Kwok founded Gotham Martial Arts in New York City, where he taught Practical Wing Chun and developed martial arts instruction with an emphasis on body awareness, timing, structure, and experiential learning. His teaching drew from his training under Wan Kam-leung and focused on explaining martial arts concepts through practical movement, partner interaction, and body mechanics.

In 2018, Kwok founded the Martial Arts Education Society, a nonprofit organization created to promote martial arts education and develop programs that connect martial arts practice with broader educational goals. Through the organization, he developed Martial Mind, a martial arts-inspired social-emotional learning program for elementary school students.

Kwok has presented martial arts education programs in academic and public settings, including talks at Harvard University, UMass Amherst, and Princeton University. These presentations addressed topics such as martial arts education, Chinese martial arts culture, movement awareness, and the relationship between martial arts practice and sensory learning. In a 2018 Princeton University seminar, he discussed the five sensory systems and their relevance to Wing Chun training, self-defense, and experiential learning.

His later teaching and workshops increasingly focused on translating martial arts principles into movement-based learning, self-regulation, and educational practice.

==Community safety and civic education==
Since 2020, Kwok has been involved in community safety education, bystander intervention, and personal safety training. He has collaborated with community organizations to conduct workshops focused on awareness, boundary setting, de-escalation, personal safety, and bystander response.

In 2025, Kwok and the Martial Arts Education Society collaborated with Homecrest Community Services, The Asian American Foundation (TAAF), and the New York City Office for the Prevention of Hate Crimes (OPHC) to launch Safe · Seen · Strong, a community safety education initiative in New York City.

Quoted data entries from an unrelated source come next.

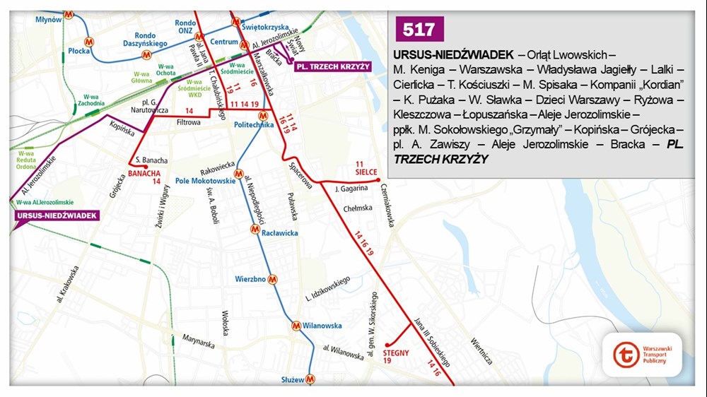 517: URSUS-NIEDŹWIADEK – Orląt Lwowskich – M. Keniga – Warszawska – Władysława Jagiełły – Lalki – Cierlicka – T. Kościuszki – M. Spisaka – Kompanii „Kordian” – K. Pużaka – W. Sławka – Dzieci Warszawy – Ryżowa – Kleszczowa – Łopuszańska – Aleje Jerozolimskie – ppłk. M. Sokołowskiego „Grzymały” – Kopińska – Grójecka – pl. A. Zawiszy – Aleje Jerozolimskie – Bracka – PL. TRZECH KRZYŻY (powrót: Nowy Świat)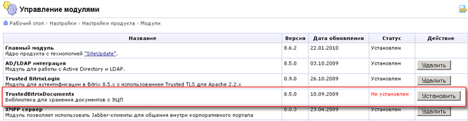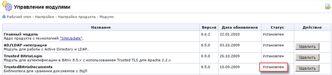 Необходимо скопировать каталог c исходными текстами модуля trusted в каталог bitrix/modules/ . При отображении общего списка модулей он будет присутствовать в нем под названием «TrustedBitrixDocuments» версии 8.5.0 (Рис. 4).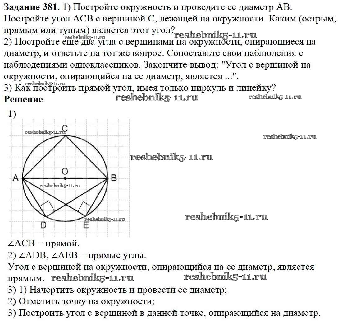 Готовая домашняя работа с ответами по Математике за 5 класс Дорофеев, Шарыгин, Суворова, Бунимович, Кузнецова, Минаева, Рослова Учебник Просвещение 2015 ФГОС - 5.1. Как обозначают и сравнивают углы 381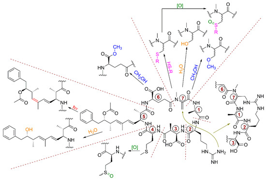 Examples of chemical reactions of MCs demonstrated using the hypothetical congener [ADMdda5]MC-RM. The numbers in circles indicate the amino acid residue-number.

The initiative incorporated the SAFE and S.A.F.E.R. frameworks for personal safety education and bystander intervention. According to Points of Light, Kwok had led more than 30 community safety workshops serving diverse community groups.

==Cultural and media projects==
Kwok has been involved in film and media projects related to martial arts, Asian identity, and Chinese cultural representation. He served as an executive producer of Kung Fu Grandma and Kung Fu Scriptures, short comedy films directed by Kadi Tsang.
 Kwok was featured in A Man and Wing Chun 《詠春情緣》, a documentary produced by China Central Television (CCTV) examining the transmission of Chinese martial arts culture overseas.

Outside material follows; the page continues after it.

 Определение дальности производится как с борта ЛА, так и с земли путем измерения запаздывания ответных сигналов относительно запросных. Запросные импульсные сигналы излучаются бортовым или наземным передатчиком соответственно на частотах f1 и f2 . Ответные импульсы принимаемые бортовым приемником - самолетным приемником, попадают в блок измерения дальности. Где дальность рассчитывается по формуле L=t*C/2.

In 2023, Kwok participated in public events marking the 50th anniversary of Bruce Lee’s death. He later served as an executive producer of Bruce, a Cantonese-language short film directed by Kadi Tsang and co-produced with the Bruce Lee Foundation. The film was selected for the 2026 Cinequest Film & Creativity Festival in the “Best Narrative Short: Drama” category.

==Recognition==
In 2015, he received the Community Leadership Award from the President's Council on Fitness, Sports and Nutrition for his contributions to martial arts education and community engagement.

In 2026, Kwok received the Daily Point of Light Award from Points of Light, a national recognition program established to honor individuals whose volunteer service addresses community needs through civic engagement and public service.